### Your task
Would you please repeat exactly the entries below, starting at the line with "为做好2021级环境设计专业" and ending at the line with "7.当水分即将收干时,将淀粉", and nothing outside that range? Leave out the pictures.

### Dataset records
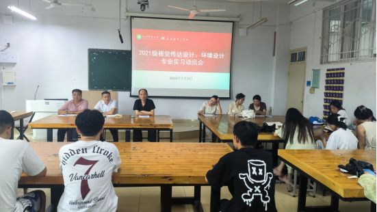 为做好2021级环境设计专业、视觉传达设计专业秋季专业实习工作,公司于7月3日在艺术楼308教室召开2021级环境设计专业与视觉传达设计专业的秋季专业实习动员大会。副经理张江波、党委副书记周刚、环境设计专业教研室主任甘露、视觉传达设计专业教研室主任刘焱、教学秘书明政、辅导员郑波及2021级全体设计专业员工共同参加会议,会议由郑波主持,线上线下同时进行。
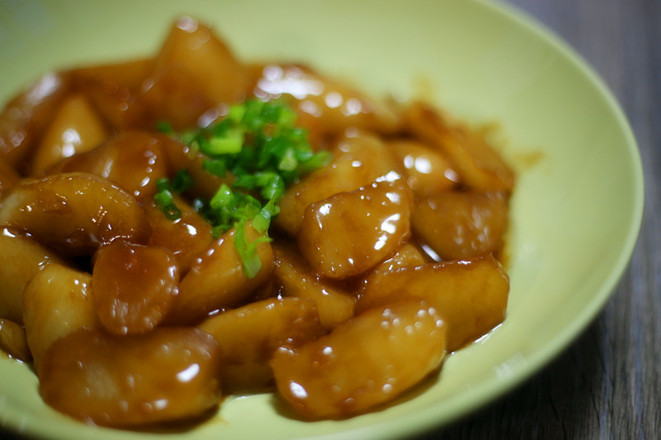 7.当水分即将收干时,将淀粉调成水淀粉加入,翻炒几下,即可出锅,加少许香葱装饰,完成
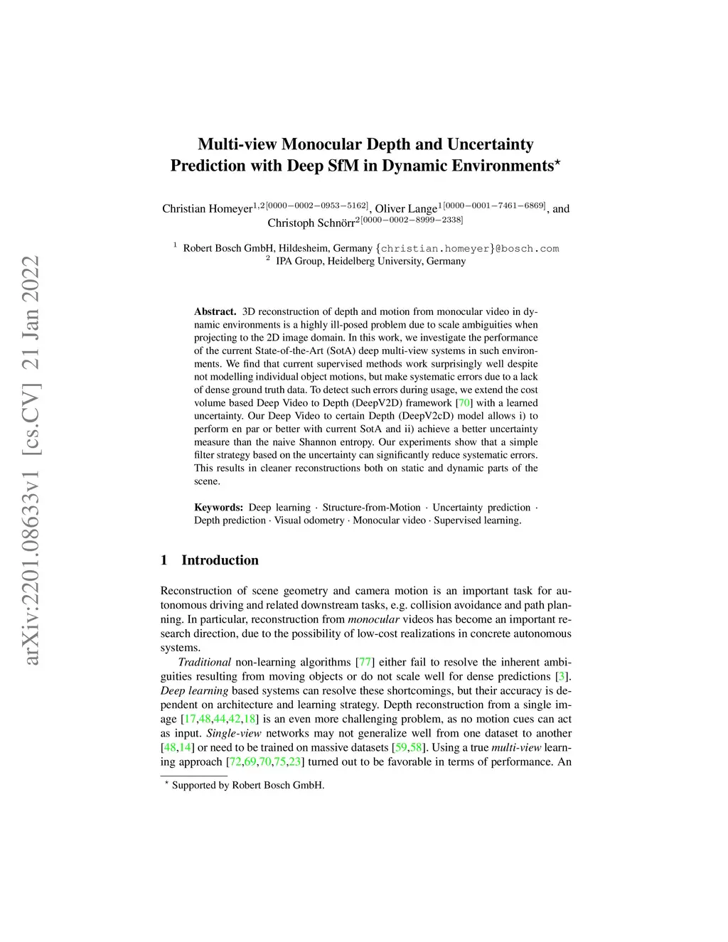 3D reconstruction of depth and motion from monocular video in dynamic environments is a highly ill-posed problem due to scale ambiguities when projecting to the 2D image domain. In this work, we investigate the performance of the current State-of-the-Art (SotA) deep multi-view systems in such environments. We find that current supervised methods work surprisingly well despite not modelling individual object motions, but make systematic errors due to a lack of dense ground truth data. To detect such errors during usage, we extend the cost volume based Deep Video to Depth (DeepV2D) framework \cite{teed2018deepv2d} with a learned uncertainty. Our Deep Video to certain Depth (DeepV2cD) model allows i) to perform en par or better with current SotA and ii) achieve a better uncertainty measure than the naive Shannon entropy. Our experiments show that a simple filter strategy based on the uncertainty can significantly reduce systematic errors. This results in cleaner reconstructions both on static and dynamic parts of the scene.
* * *
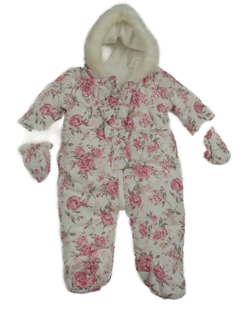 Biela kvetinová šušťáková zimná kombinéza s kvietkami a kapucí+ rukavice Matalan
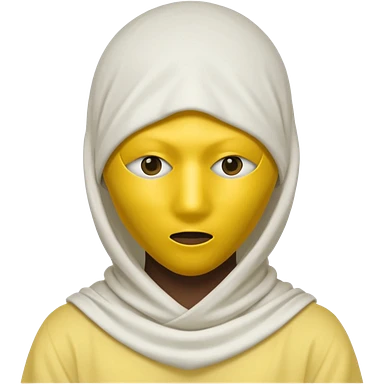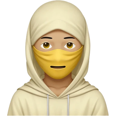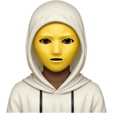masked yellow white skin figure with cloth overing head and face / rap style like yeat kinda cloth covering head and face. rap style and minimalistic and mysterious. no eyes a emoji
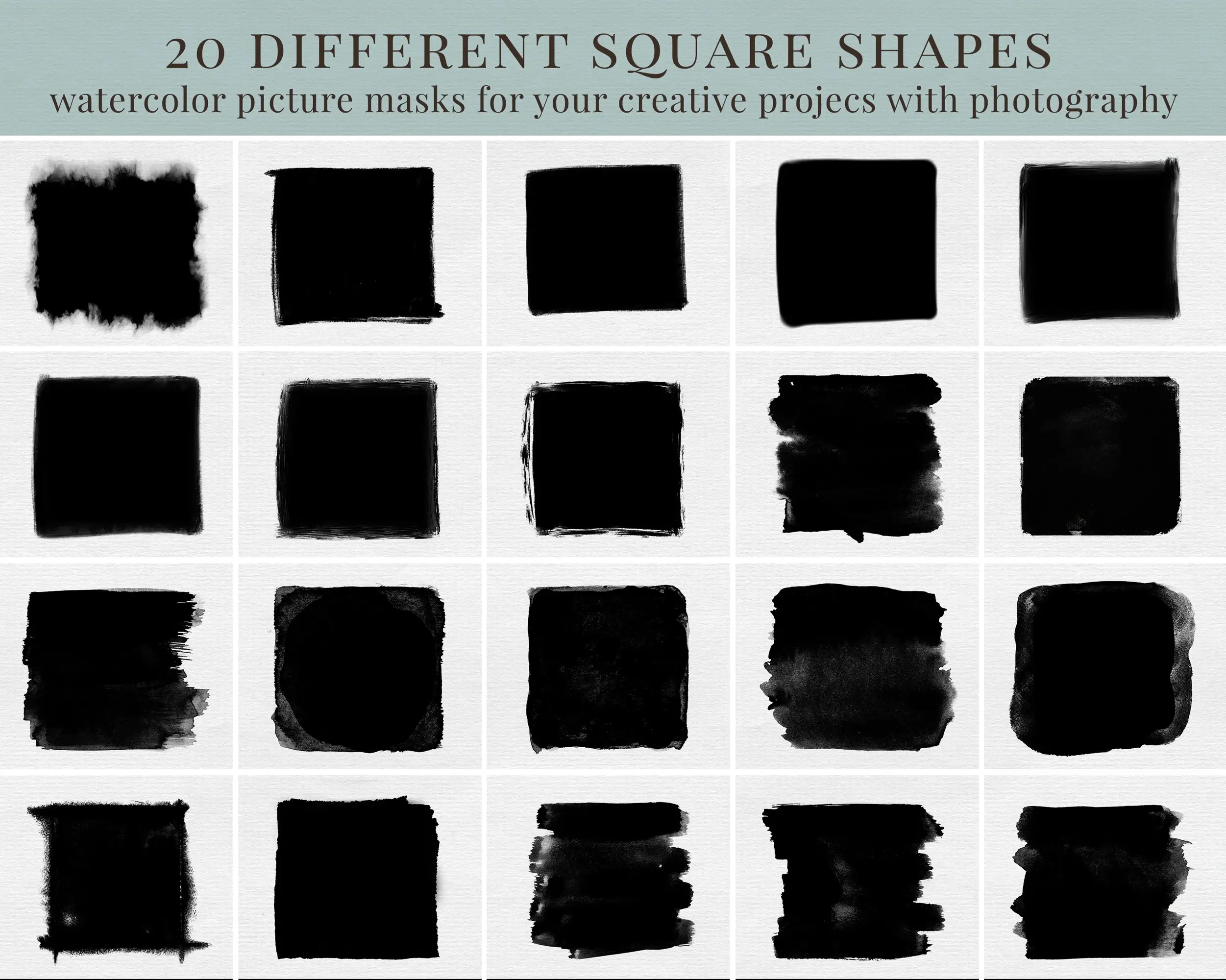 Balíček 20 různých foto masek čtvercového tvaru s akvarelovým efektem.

### Solution to the exercise
 为做好2021级环境设计专业、视觉传达设计专业秋季专业实习工作,公司于7月3日在艺术楼308教室召开2021级环境设计专业与视觉传达设计专业的秋季专业实习动员大会。副经理张江波、党委副书记周刚、环境设计专业教研室主任甘露、视觉传达设计专业教研室主任刘焱、教学秘书明政、辅导员郑波及2021级全体设计专业员工共同参加会议,会议由郑波主持,线上线下同时进行。
 7.当水分即将收干时,将淀粉调成水淀粉加入,翻炒几下,即可出锅,加少许香葱装饰,完成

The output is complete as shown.